2018/07/18: 第七回CBTケースキャンプ参加記 西川

今年もケースキャンプの時期がやっていた。36度のうだるような猛暑の中、滋賀県大津市はピアザ淡海で行われたケースキャンプに参加してきました。
今回は70名ほどの参加者で、北は北海道から西は広島まで、心理士、医師、看護師、ワーカーなど、多職種の方にご参加いただきました。

昨年の第六回は北海道のCBTチームが引き受けてくれた(CBTを学ぶ会は共催、とても盛況だった)おかげで、初の滋賀以外開催となったケースキャンプなのですが、今年の第七回は、再び滋賀に舞い戻ってきました。しかし、CBTを学ぶ会は共催という部分をそのままに、CBTスキルアップ研究会(https://www.cbt-skillup.net/)という若手CBTのチームが引き受けてくれることになりました。この若手チームは前回のコロキウムでも活躍しており、新進気鋭のチームと言えます。おかげですっかり楽をさせてもらいました。

というわけで、感想を書きます。


さて、今回のケースキャンプは岡嶋美代さんと白木孝二さんの講演会が2つ入ってた。これは結局若手が「話を聴いてみたい」ということで設定したのだと思う。
初日の午前中は岡嶋さんの「様々な困りごとへのエクスポージャー療法の実際」という講義で、クライアントさんに曝露をしていくときのコツなどが語られた。岡嶋さんの話は何度か聴いていていつも思うけど、楽しそうなケースをいっぱい持てて良いなと思う。

昼食の時間となり、ピアザ淡海の値段の割に美味しくないランチを取るか、うだるような暑さの中外に食べに行くかという選択で、ついつい外に食べに行くことを選ぶ。
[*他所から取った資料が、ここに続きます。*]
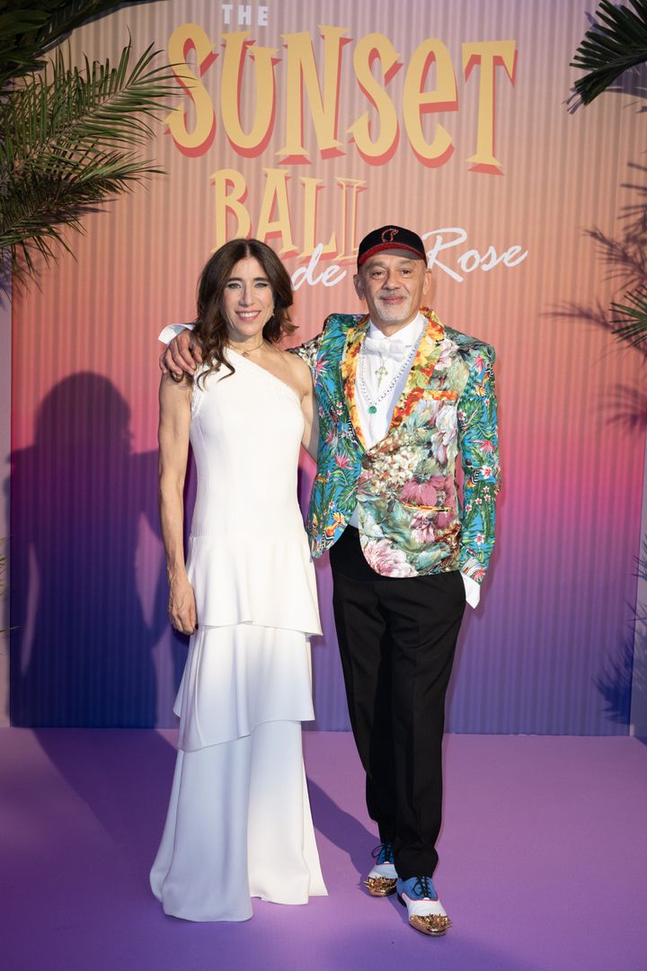 「薔薇の舞踏会2025」のプロデューサー、クリスチャン・ルブタンと振付師で映画監督のブランカ・リーの2ショット。ミニマルなホワイトドレスと、アロハ・シックなジャケットのコントラストが、お互いの個性を引き立たせて。

近くの潰れた旧パルコがOh!meとかいう建物に変わっているので、さっそく行ってみた。

偶然看護CBTチームと一緒にご飯を食べていると、偶然来年のCBTケースキャンプを引き受けてもらえる話になり、偶然助かったわーとなった。あと、偶然レシートで一回UFOキャッチャーができるということで、偶然三人でやったら、偶然ぬいぐるみが取れたりもする。こんなに偶然が続くとこれはもう、なにか天からの啓示みたいなものなのではないかと思う。

さて、会場に戻って1ケース目。北海道から来た安喰さんによる強迫に対するエクスポージャーの事例。なんというか、頑張れ若者という感じではある。実際のところ幾らか良くなっているということは確かなので、その調子で頑張ってもらいたい。強いて言えば、加害を怖がるというクライアントと加害を怖がるセラピストが同調していたというか何というか・・・。

2ケース目は、何と私。たまたま発表予定者が2日前にドタキャンしたので、最もヒマそうな私に急遽お鉢が回ってきたというわけだ。古典落語のネタをベースにして、「毎度バカバカしいお話を・・・」からスタートして、「・・・お後がよろしいようで」で締めくくるものの、全然そこには触れてもらえない。これは沖縄のコロキウムにおいてスピリチュアルな発表をしたときに、必死でウチナーグチを練習して“カミダーリ”や“うがんぶすく”というパワーワードを入れ込んだのにもかかわらず、完全にスルーされたときの感じと似ている。ようするにスベっている。
まあ内容はなんというか、PTSD症例に対する、刺激等価性と関係フレーム理論に基づく介入で、クライアントとセラピストの会話におけるフレーム付けのお話というか、なんというか。
介入1と介入2が似たような関係フレームへの介入であることは、果たして広島の梶原さんが拾ってくれて救われたというか。
福井の小林さんがグリーフワークでありながらも家族を作るという新しい展開へのつなぎになっているという、ときめきコメントをくれたりとかして、発表してよかった。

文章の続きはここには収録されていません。